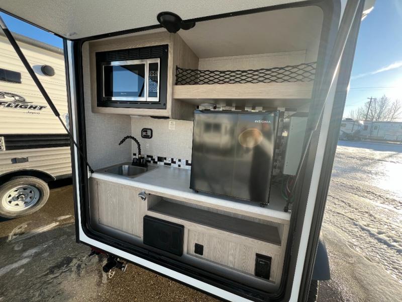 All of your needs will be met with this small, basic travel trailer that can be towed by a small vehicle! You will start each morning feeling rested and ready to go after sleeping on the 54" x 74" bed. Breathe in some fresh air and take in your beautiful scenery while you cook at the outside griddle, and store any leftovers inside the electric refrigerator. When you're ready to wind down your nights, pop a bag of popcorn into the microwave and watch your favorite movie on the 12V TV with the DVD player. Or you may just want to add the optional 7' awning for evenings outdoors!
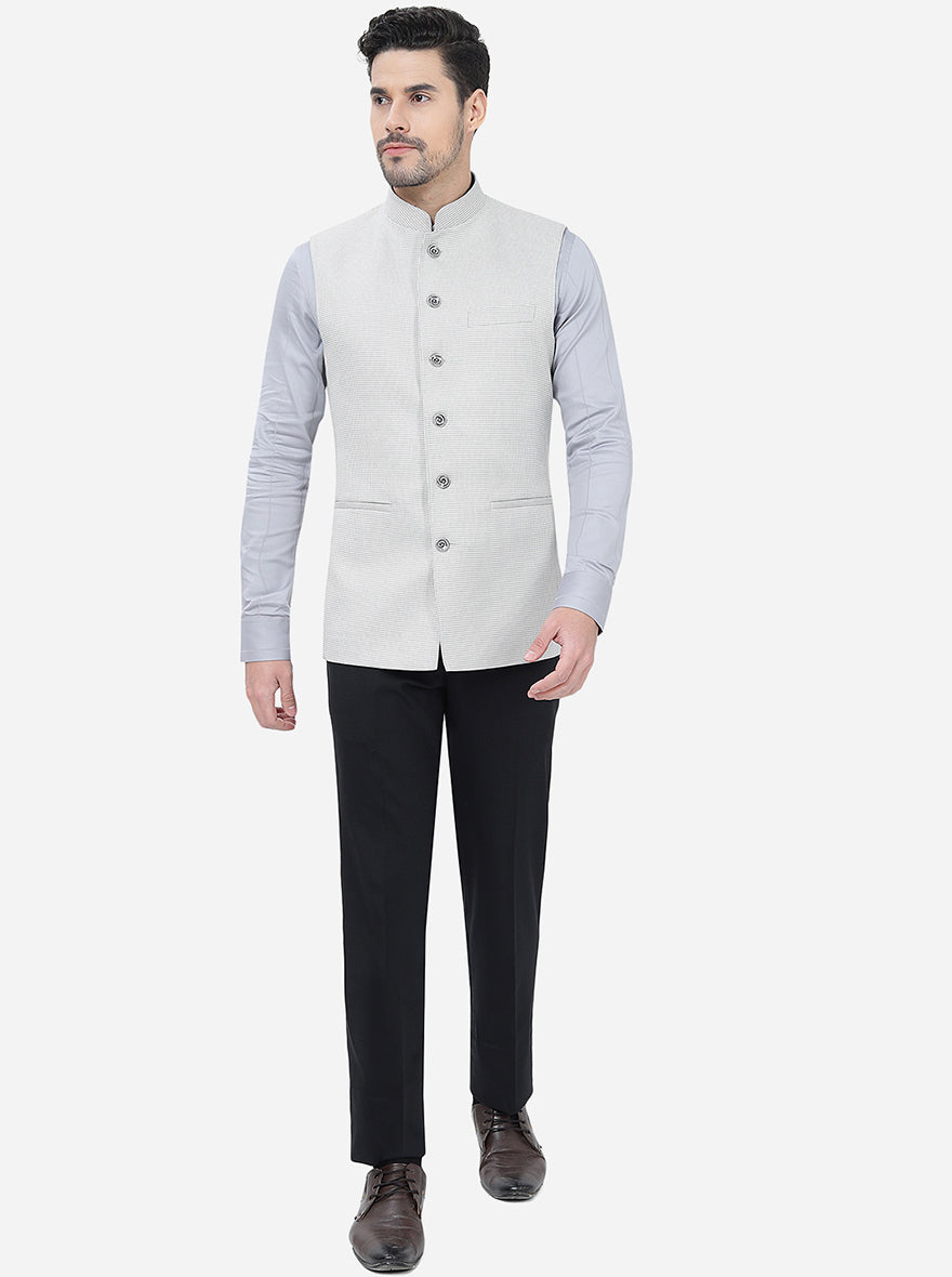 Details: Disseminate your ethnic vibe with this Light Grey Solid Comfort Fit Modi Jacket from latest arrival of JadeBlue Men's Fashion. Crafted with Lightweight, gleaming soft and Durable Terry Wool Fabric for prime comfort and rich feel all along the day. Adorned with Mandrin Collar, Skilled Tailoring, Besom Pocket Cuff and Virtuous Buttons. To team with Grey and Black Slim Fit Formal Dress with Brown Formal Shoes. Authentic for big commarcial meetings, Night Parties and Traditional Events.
--------------------------------------------------
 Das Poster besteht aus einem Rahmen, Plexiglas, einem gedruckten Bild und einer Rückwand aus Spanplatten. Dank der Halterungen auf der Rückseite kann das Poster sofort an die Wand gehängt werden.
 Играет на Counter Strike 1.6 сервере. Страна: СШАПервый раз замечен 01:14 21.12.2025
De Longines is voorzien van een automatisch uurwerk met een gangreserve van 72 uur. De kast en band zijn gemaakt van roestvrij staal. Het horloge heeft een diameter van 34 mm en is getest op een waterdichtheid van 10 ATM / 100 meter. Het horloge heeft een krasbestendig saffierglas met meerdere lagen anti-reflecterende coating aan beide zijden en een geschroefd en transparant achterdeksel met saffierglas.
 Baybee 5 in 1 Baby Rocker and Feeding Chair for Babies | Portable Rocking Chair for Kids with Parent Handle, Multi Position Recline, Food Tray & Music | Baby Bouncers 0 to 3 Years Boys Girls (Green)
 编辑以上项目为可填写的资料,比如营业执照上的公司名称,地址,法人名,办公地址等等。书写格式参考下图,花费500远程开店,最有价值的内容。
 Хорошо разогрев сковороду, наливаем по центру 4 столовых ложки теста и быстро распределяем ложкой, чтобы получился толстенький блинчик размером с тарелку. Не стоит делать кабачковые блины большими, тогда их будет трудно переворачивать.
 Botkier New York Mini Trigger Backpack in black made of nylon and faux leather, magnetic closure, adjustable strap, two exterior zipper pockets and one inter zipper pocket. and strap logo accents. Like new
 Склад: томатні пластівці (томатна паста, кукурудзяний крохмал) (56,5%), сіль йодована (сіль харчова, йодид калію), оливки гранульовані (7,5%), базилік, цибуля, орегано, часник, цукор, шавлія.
--------------------------------------------------
Problem requirements:
Output exactly the lines above, from the line with "All of your" to the line with "Details: Disseminate your", both included; skip the pictures.

Response:
 All of your needs will be met with this small, basic travel trailer that can be towed by a small vehicle! You will start each morning feeling rested and ready to go after sleeping on the 54" x 74" bed. Breathe in some fresh air and take in your beautiful scenery while you cook at the outside griddle, and store any leftovers inside the electric refrigerator. When you're ready to wind down your nights, pop a bag of popcorn into the microwave and watch your favorite movie on the 12V TV with the DVD player. Or you may just want to add the optional 7' awning for evenings outdoors!
 Details: Disseminate your ethnic vibe with this Light Grey Solid Comfort Fit Modi Jacket from latest arrival of JadeBlue Men's Fashion. Crafted with Lightweight, gleaming soft and Durable Terry Wool Fabric for prime comfort and rich feel all along the day. Adorned with Mandrin Collar, Skilled Tailoring, Besom Pocket Cuff and Virtuous Buttons. To team with Grey and Black Slim Fit Formal Dress with Brown Formal Shoes. Authentic for big commarcial meetings, Night Parties and Traditional Events.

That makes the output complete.